# Forum About Russia Russian Cities  Gomel (Belarus)

## ReDDeViL

I know it is not a Russian city but I would like to get information about this city.. Is Gomel worth a visit?

----------


## basurero

Dunno much about it but It appears it was in the direct fall out zone of the Chernobyl disaster. I'm in  ::

----------


## Lampada

http://www.gorod.gomel.by/page.aspx?module=album  http://info.gomel.by/map.php?wh2find=map 
А почему Гомель?

----------


## ReDDeViL

> http://www.gorod.gomel.by/page.aspx?module=album  http://info.gomel.by/map.php?wh2find=map 
> А почему Гомель?

 It's private...   ::   
Thanks for the links  ::

----------


## TATY

> Originally Posted by Lampada  http://www.gorod.gomel.by/page.aspx?module=album  http://info.gomel.by/map.php?wh2find=map 
> А почему Гомель?   It's private...    
> Thanks for the links

 Not going to see some Russian girl who is gonna steal all your money?

----------


## Бармалей

> Not going to see some Russian girl who is gonna steal all your money?

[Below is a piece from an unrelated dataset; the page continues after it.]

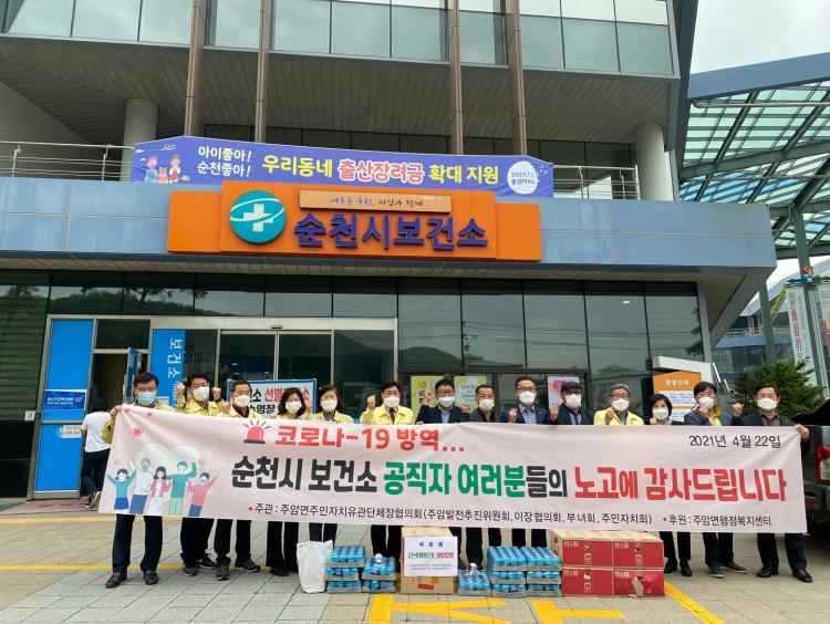 ¼øÃµ½Ã Á־ϸé ÁÖ¹ÎÀÚÄ¡ À¯°ü´ÜüÀåÇùÀÇȸ(Á־ϹßÀüÃßÁøÀ§¿øÈ¸, ÀÌÀåÇùÀÇȸ, ºÎ³àȸ, ÁÖ¹ÎÀÚġȸ)°¡ Äڷγª19·Î °í»ýÇÏ´Â ¼øÃµ½Ã º¸°Ç¼Ò Á÷¿øµé¿¡°Ô Çܹö°Å 300¼¼Æ®¸¦ Àü´ÞÇß´Ù.

 At first, I just kind of brushed aside this comment as being brash and rude; then I thought about it again, and quite frankly, he's right. It's nobody's damn business why you are going, but if it involves some foreign chick you'd be well-advised to consider the trillions of people who have posted on the internet about how they are going to meet some gal in the former USSR, among other places. Guess what? About 1 in 2553566363 actually finds a legit partner, and the others find someone who rips them off. You may find yourself drugged, you may find yourself confronted with a really big guy named Sergei who will rip your head off -- either way you'll end up with an empty wallet. 
So you may not be going to see some Russian girl (maybe she's BELO-russian  ::  ); I certainly hope not. And like I said, who knows what you're doing -- it's really nobody else's business. Just keep this in mind. In any case, if you do go, no matter what reason, good luck and try to keep safe -- joining anti-Lukashenka protests isn't recommended...

----------


## kalinka_vinnie

Do it anyway! Don't listen to these pessimists! 
1 to 2553566363 is good odds! Hey Barmaley, I put 1 buck on that it will be a legit partner. If I win you pay me 2553566363 bucks right?   ::

----------


## Бармалей

> Do it anyway! Don't listen to these pessimists! 
> 1 to 2553566363 is good odds! Hey Barmaley, I put 1 buck on that it will be a legit partner. If I win you pay me 2553566363 bucks right?

 Bah. That only works in Vegas. In this case I'd only pay 356899:1 -- I can't afford that kind of money! 
Of course, accepting your bet is contingent upon you paying for his airfare home when he's busted in Gomel by said Sergei -- if it happens of course...

----------


## JKDMan

> I know it is not a Russian city but I would like to get information about this city.. Is Gomel worth a visit?

 I hope you took the trip. I had a great time in Minsk, Belarus last year.

----------